Return exactly the lines of the records below, starting at the line that contains "Eu adoro belos" and ending at the line that contains "Gr字母Logo五金扣高跟方头侧拉链机车骑士短靴 材质:鞋面进口小牛皮 进", with both of those lines kept.

SUPPLIED RECORDS:
────────────────────────────────────────

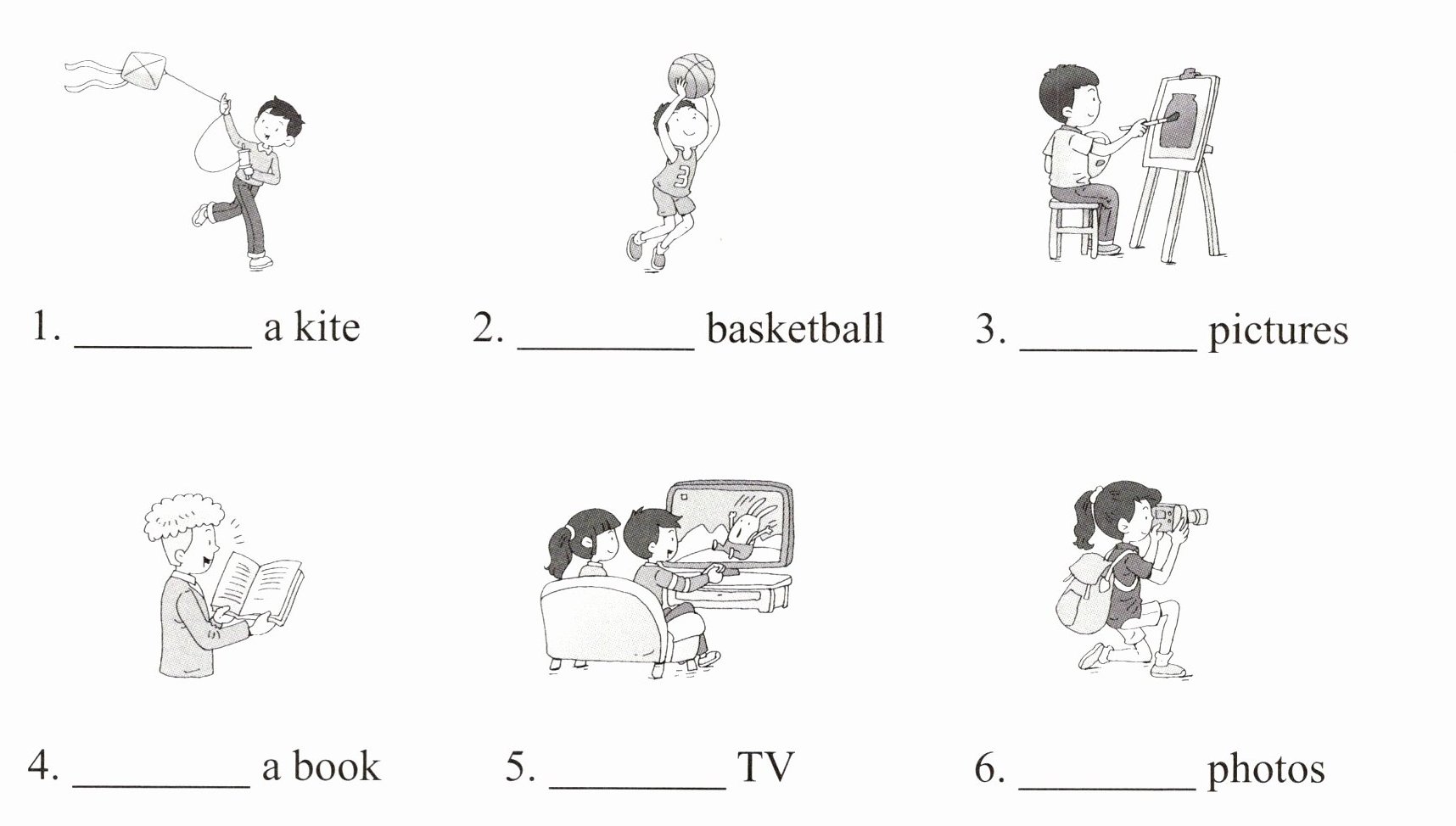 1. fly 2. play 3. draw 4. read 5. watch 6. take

────────────────────────────────────────

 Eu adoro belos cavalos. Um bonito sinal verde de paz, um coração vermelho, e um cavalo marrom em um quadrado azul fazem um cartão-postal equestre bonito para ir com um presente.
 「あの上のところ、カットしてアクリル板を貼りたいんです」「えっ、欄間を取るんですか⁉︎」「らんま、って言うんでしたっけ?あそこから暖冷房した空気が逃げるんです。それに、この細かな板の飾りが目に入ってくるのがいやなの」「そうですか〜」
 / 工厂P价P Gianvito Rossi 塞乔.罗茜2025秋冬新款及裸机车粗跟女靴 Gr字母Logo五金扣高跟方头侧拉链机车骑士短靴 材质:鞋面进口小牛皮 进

────────────────────────────────────────

ANSWER:
 Eu adoro belos cavalos. Um bonito sinal verde de paz, um coração vermelho, e um cavalo marrom em um quadrado azul fazem um cartão-postal equestre bonito para ir com um presente.
 「あの上のところ、カットしてアクリル板を貼りたいんです」「えっ、欄間を取るんですか⁉︎」「らんま、って言うんでしたっけ?あそこから暖冷房した空気が逃げるんです。それに、この細かな板の飾りが目に入ってくるのがいやなの」「そうですか〜」
 / 工厂P价P Gianvito Rossi 塞乔.罗茜2025秋冬新款及裸机车粗跟女靴 Gr字母Logo五金扣高跟方头侧拉链机车骑士短靴 材质:鞋面进口小牛皮 进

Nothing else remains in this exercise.